▸ **Given data**
# # # # # # #
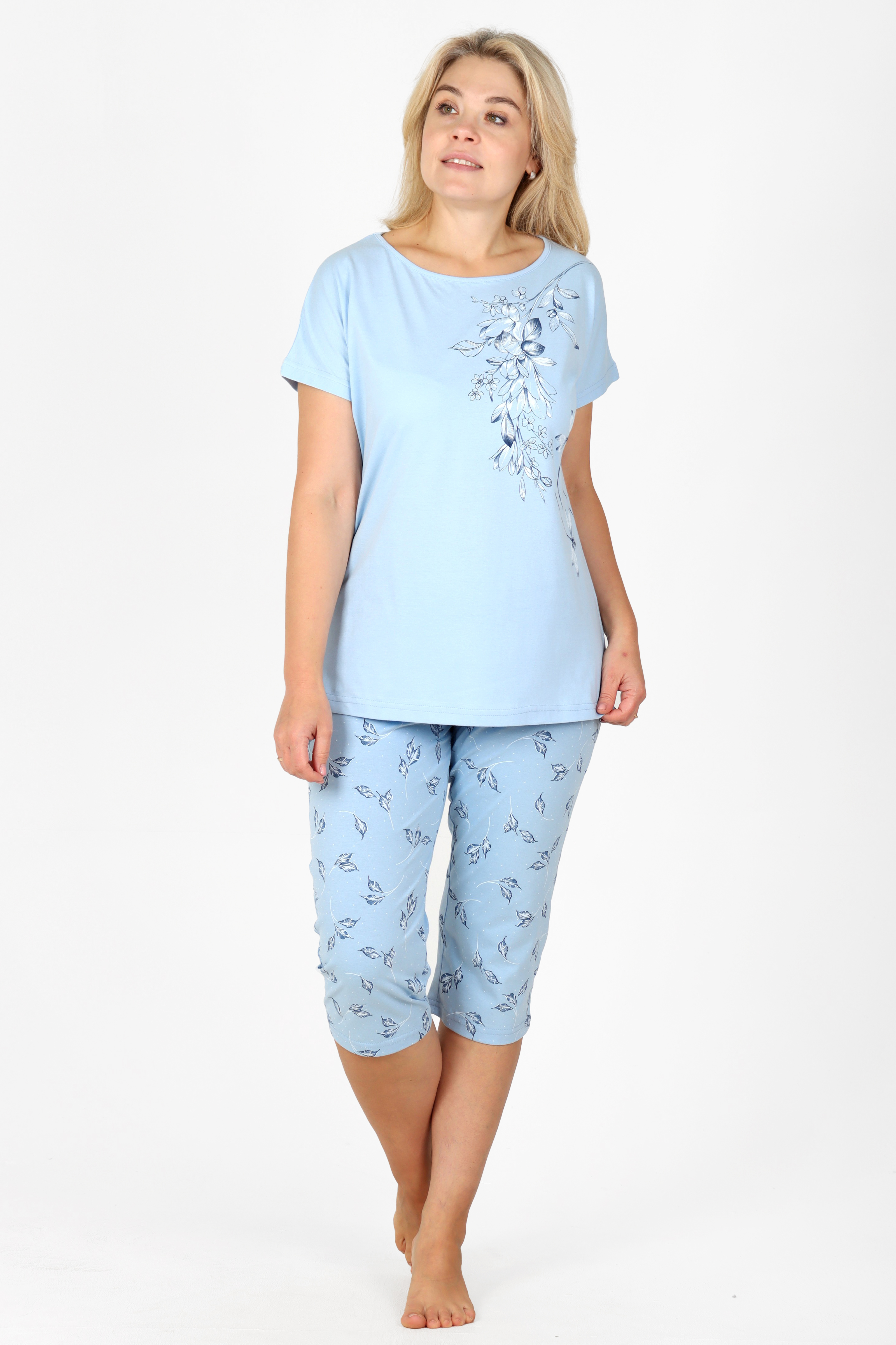 Однотонная футболка со свободным спущенным рукавом дополнена принтом по низу полочки с изображением нежной цветочной гирлянды, подобранной в тон набивной ткани бриджей.
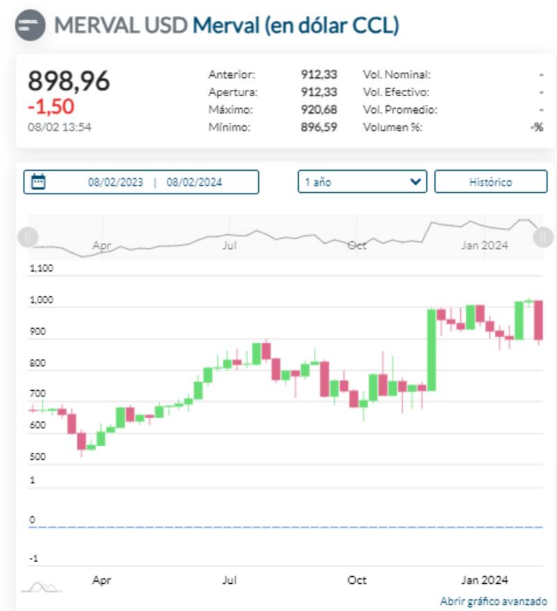 "Si se considera que el revés político del oficialismo respecto de la Ley Ómnibus puede ser revertido y varios de los temas allí incluidos que benefician al desarrollo de las empresas en Argentina podrán ponerse en vigencia, las bajas de esta semana constituyen una oportunidad de compra con un Merval más cercano a los u$s 900 que de los u$s 1000 que alcanzó la última semana de enero", afirmó
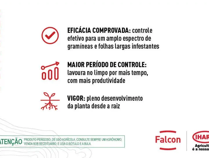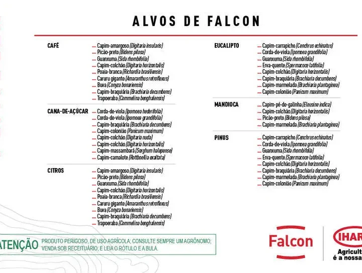 Herbicida FALCON IHARA As daninhas são presas fáceis nas garras do FALCON Falcon é o herbicida para cana, café e citros, entre outras culturas. Ele controla as plantas daninhas de folhas largas e estreitas, como capim-colchão, capim-colonião, capim-braquiária, corda-de-viola, entre outras espécies. Desenvolvido com a revolucionária tecnologia Yamato, Falcon compõe os Herbicidas do Futuro IHARA, oferecendo alta seletividade e longo residual. Graças à ação pré-emergente, o herbicida controla as daninhas resistentes antes mesmo de emergirem nas lavouras. Com essa inovadora solução, sua cultura já começa a se desenvolver no limpo, evitando a matocompetição inicial. Não deixe seu cultivo perder espaço e nutrientes para essas invasoras. Deixe as daninhas nas garras do Falcon! Planta Daninha:
# # # # # # #
▸ **Exercise**
Give back all of the data exactly, but not the pictures.

▸ **Exercise output**
 Однотонная футболка со свободным спущенным рукавом дополнена принтом по низу полочки с изображением нежной цветочной гирлянды, подобранной в тон набивной ткани бриджей.
 "Si se considera que el revés político del oficialismo respecto de la Ley Ómnibus puede ser revertido y varios de los temas allí incluidos que benefician al desarrollo de las empresas en Argentina podrán ponerse en vigencia, las bajas de esta semana constituyen una oportunidad de compra con un Merval más cercano a los u$s 900 que de los u$s 1000 que alcanzó la última semana de enero", afirmó
 Herbicida FALCON IHARA As daninhas são presas fáceis nas garras do FALCON Falcon é o herbicida para cana, café e citros, entre outras culturas. Ele controla as plantas daninhas de folhas largas e estreitas, como capim-colchão, capim-colonião, capim-braquiária, corda-de-viola, entre outras espécies. Desenvolvido com a revolucionária tecnologia Yamato, Falcon compõe os Herbicidas do Futuro IHARA, oferecendo alta seletividade e longo residual. Graças à ação pré-emergente, o herbicida controla as daninhas resistentes antes mesmo de emergirem nas lavouras. Com essa inovadora solução, sua cultura já começa a se desenvolver no limpo, evitando a matocompetição inicial. Não deixe seu cultivo perder espaço e nutrientes para essas invasoras. Deixe as daninhas nas garras do Falcon! Planta Daninha:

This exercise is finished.